Frustration and abandonment of employment are two quite different common law concepts. What they have in common is that they are unlikely to be a regular occurrence at your university. But when they do crop up, the way in which the university handles the situation is essential in ensuring the matter stays out of court.
Frustration of an employment contract occurs when an unforeseen and unexpected event prevents the performance of the contract because the situation is fundamentally different from when the parties entered into it.
For frustration to occur, neither party can be at fault for having caused the so-called frustrating event. The result is that the contract is terminated as a matter of law - not at the initiative of either party.
If an employment contract has been frustrated at law the employee will not be able to make an unfair dismissal claim. Importantly, there is also no requirement to follow processes for termination of employment pursuant to an enterprise agreement or policy.
The unexpected or unforeseen event must be so significant that the parties cannot fulfil a contracted promise. The courts are generally reluctant to hold that an employment contract has been frustrated, but have found that particular situations may be considered as frustrating events: death, war, imprisonment, statutory changes (eg, working with children restrictions).
Frustration is most likely to be relevant to a University where one of its staff members is in custody or has been sentenced to a period of imprisonment.

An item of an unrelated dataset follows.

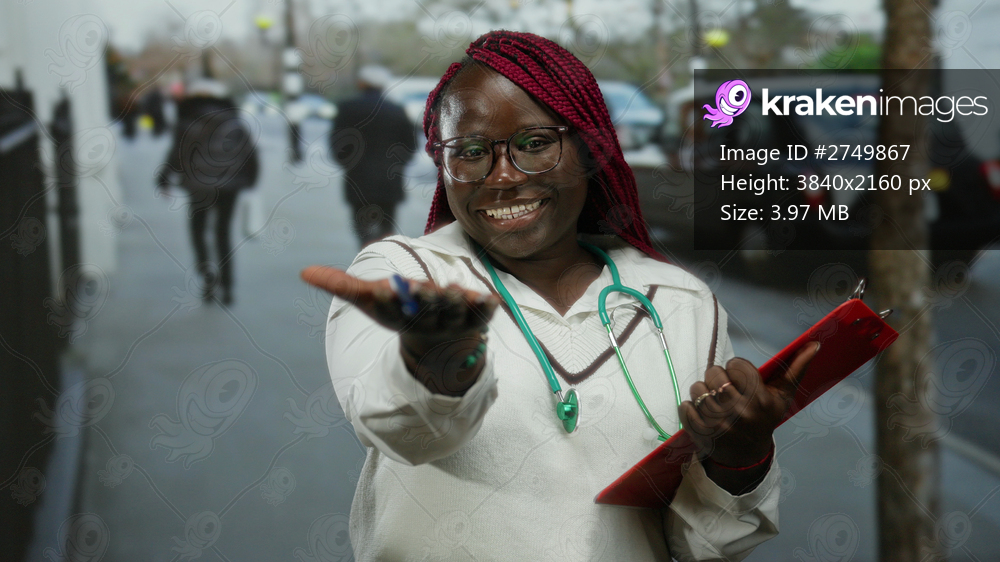 Smiling woman doctor extending hand on city street with clipboard in urban outdoor setting showing friendly gesture to camera during daytime
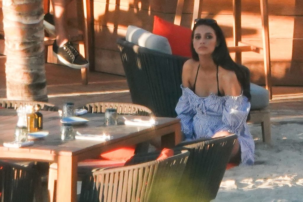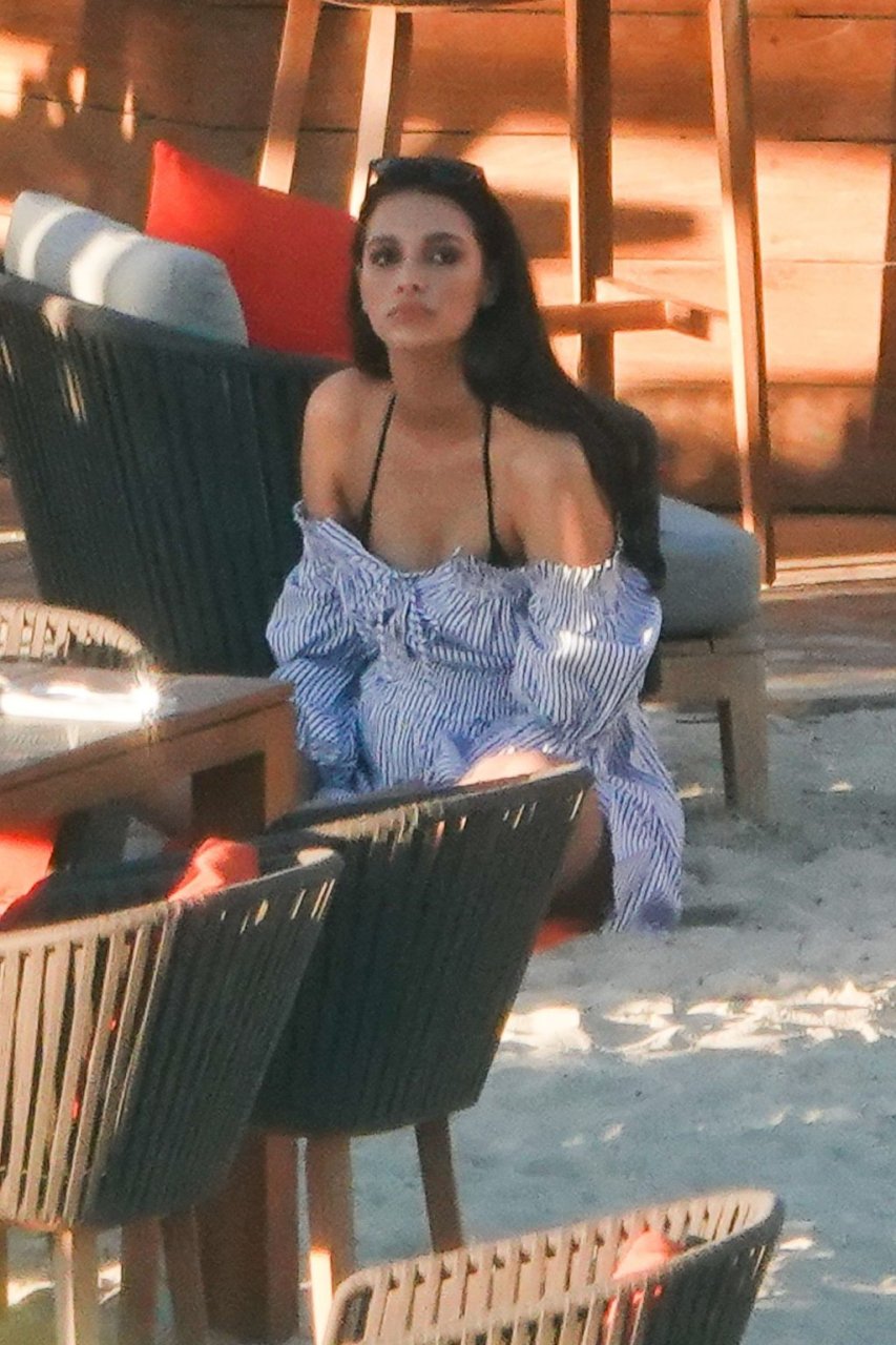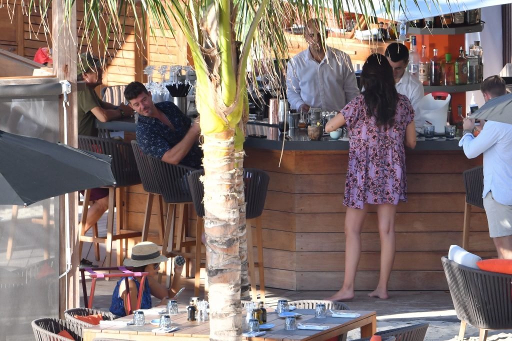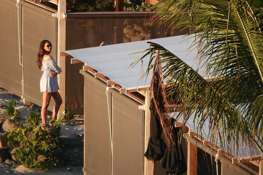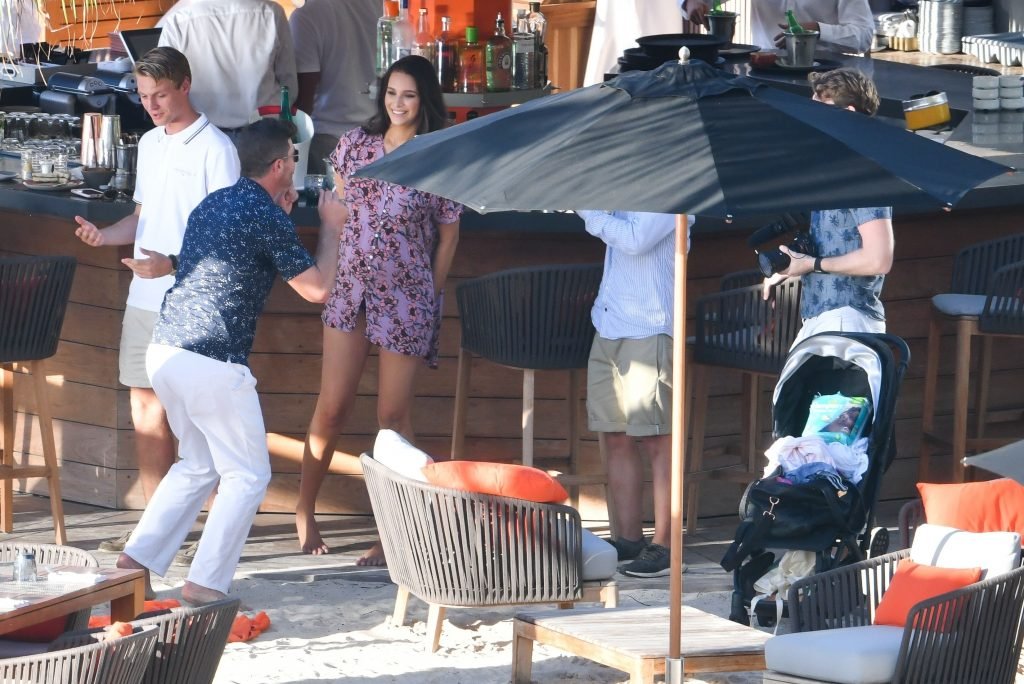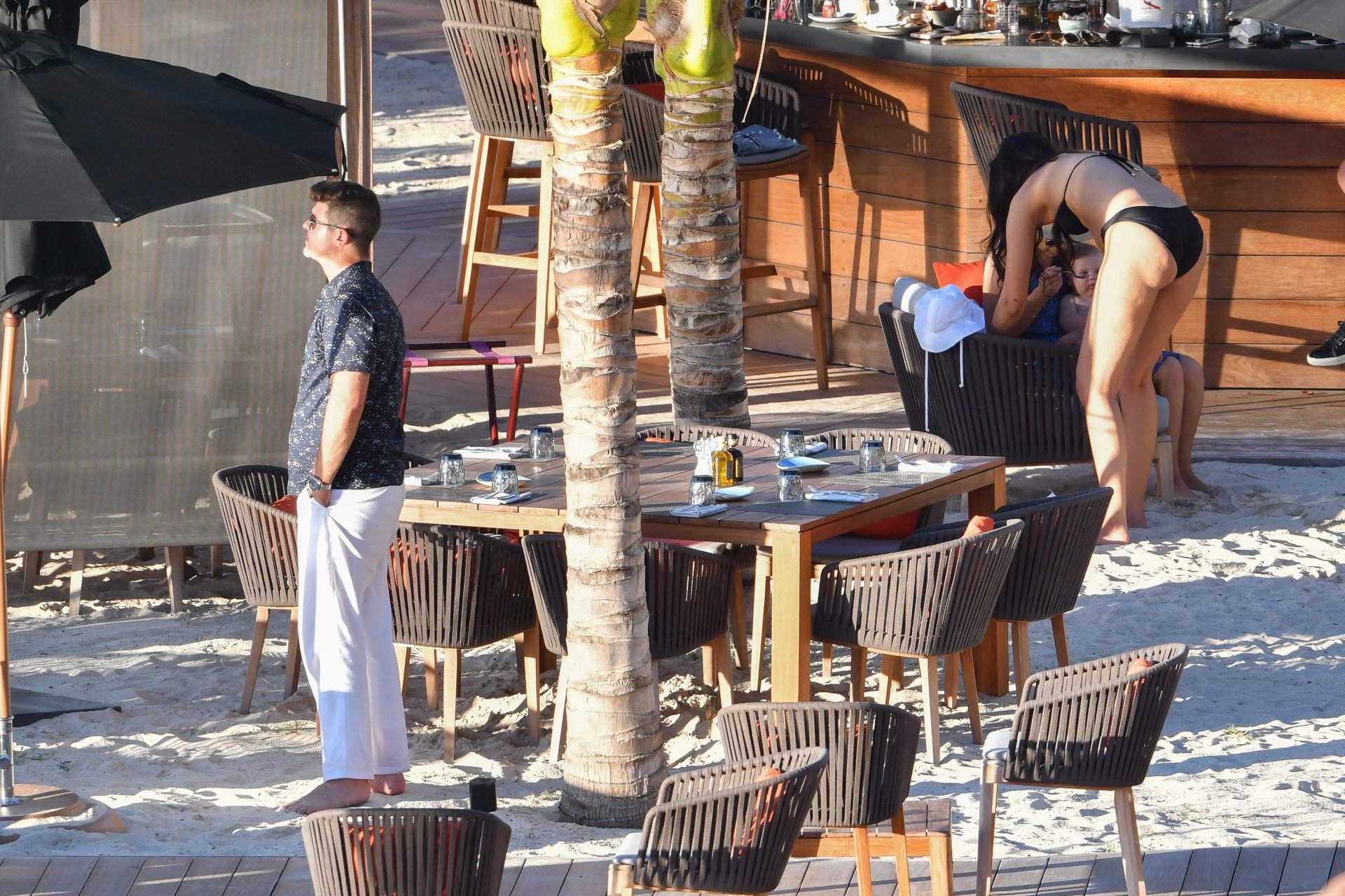 Robin Thicke pose avec sa partenaire enceinte April Love Geary (23 ans) pour une séance photo tropicale à St. Barts, le 26/10/2018. On peut voir Thicke câliner April dans une pataugeoire.

This scenario has not been widely considered in Australian courts. In the English case of F C Shepherd & Co Ltd v Jerrom [1987] 1 QB 301 (which has been applied in some Australian decisions), the Court deemed a contract to be frustrated because an apprentice plumber was incarcerated for a period of six months.
In that case, a key factor in the frustration was that the imprisonment caused the apprentice to be absent during the bulk of the training and qualification period for the apprenticeship. The contract was frustrated because the period of imprisonment meant the employer was not able to assess the employee's suitability to complete the apprenticeship. This had the effect of frustrating the performance of the contract and terminating the employment relationship at law.

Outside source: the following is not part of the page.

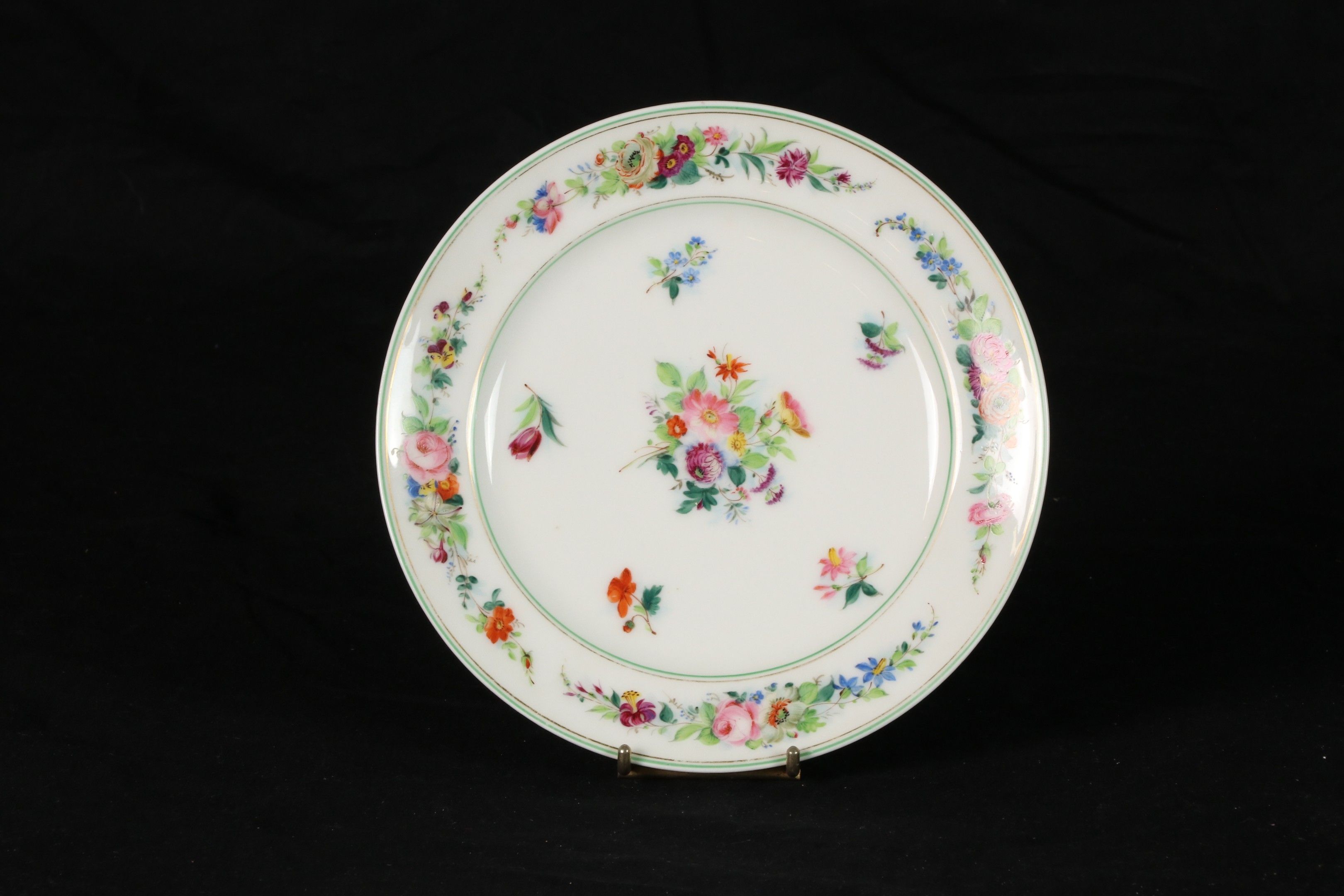 Set of 10 porcelain dessert plates with polychrome decoration of bouquets and flowers on the base and floral friezes on the rim with gold and green fillets (slight wear).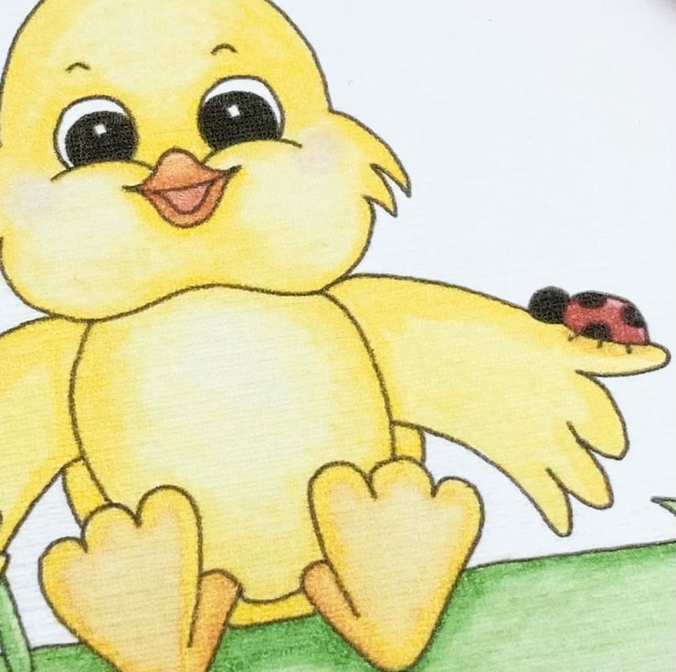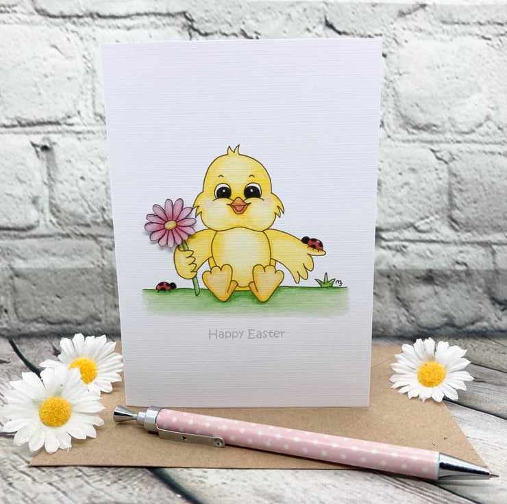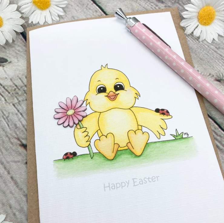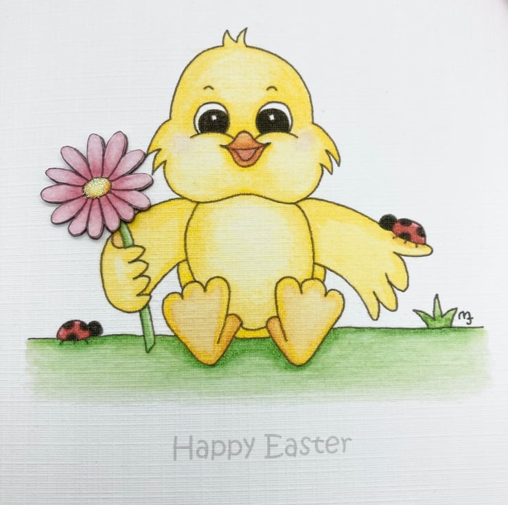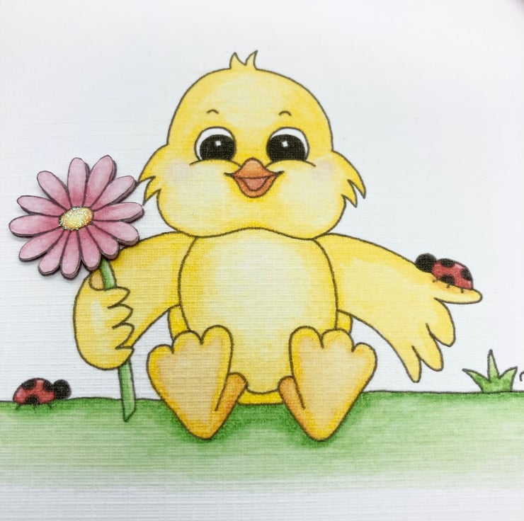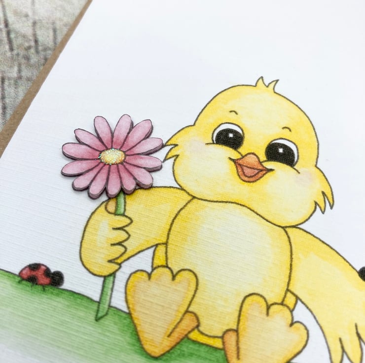 This cute Easter Chick card has been designed using my own original illustration. The image has been printed out onto good quality white linen embossed card and decoupaged up in parts. I have also added a little glitter detail.

We recommend getting legal advice in these complex circumstances – not all situations will cause the employment contract to be frustrated. For example, in an imprisonment situation there is always a complex question of whether a contract is frustrated when an employee has a right to appeal a decision incarcerating them or to apply for bail.
Frustration cases often turn on the employer's behaviour. Australian courts have ruled in favour of employees where there was arguably a frustrating event, but the employer acted in a manner which indicated it considered the contract was still on foot (eg, suspending the employee with or without pay).
If your university considers an employment contract has been frustrated, it should communicate its position that the employment has terminated as soon as possible after the frustrating event. The staff member should not be paid or allowed access to University IT systems beyond the date of the frustrating event. Otherwise it is likely the Court will view the University as having continued the employment relationship.
Abandonment occurs when an employee unequivocally refuses to attend or return to work, with the result that neither party is able to perform their contractual duties. Some contracts, modern awards and enterprise agreements specifically include provisions on dealing with abandonment (the general staff and academic staff higher education industry modern awards do not provide for it).
An employee who abandons their employment has repudiated their employment contract by demonstrating an unwillingness or inability to render substantial performance. A court will consider all of the surrounding circumstances in determining whether there has been a repudiation. The contract is then either:
a) brought to an end by the employer accepting the employee's repudiation; or
b) continued by the employer electing to continue performance of the contract.
In an abandonment situation the staff member has ended the employment at their own initiative. There can be no unfair dismissal remedy and there is no requirement to follow processes for termination of employment pursuant to an enterprise agreement or policy - unless there are specific provisions about abandonment that need to be met.
If the university considers that a staff member may have abandoned their employment, all efforts should be made to contact the employee, including sending letters, emails and phone calls. The length of the absence from the workplace before considering abandonment should be substantial (generally at least two months – although it will depend on the circumstances). Relevant checks should be made internally to ensure the staff member has not made contact with any of their colleagues in relation to their intention to return to work.
Ideally, the university will be able to get in contact with the staff member and the staff member will make an unequivocal statement that they will not be returning to work.
Once the university has decided that abandonment has occurred, it must accept the staff member's repudiation in order to bring the employment contract to an end. If the university does not communicate that it accepts the repudiation and continues to act as if the employment relationship is on foot, it will be held to have elected to continue performance of the contract.
In some circumstances it will be difficult to nominate a date that the repudiation occurred, but this will be necessary in order to calculate the date of termination of employment (and when accrued entitlements should be paid to, for example). If an unequivocal statement is made by the staff member then this can be recognised as the date of repudiation. Otherwise, the university can nominate the date when it considered abandonment was established.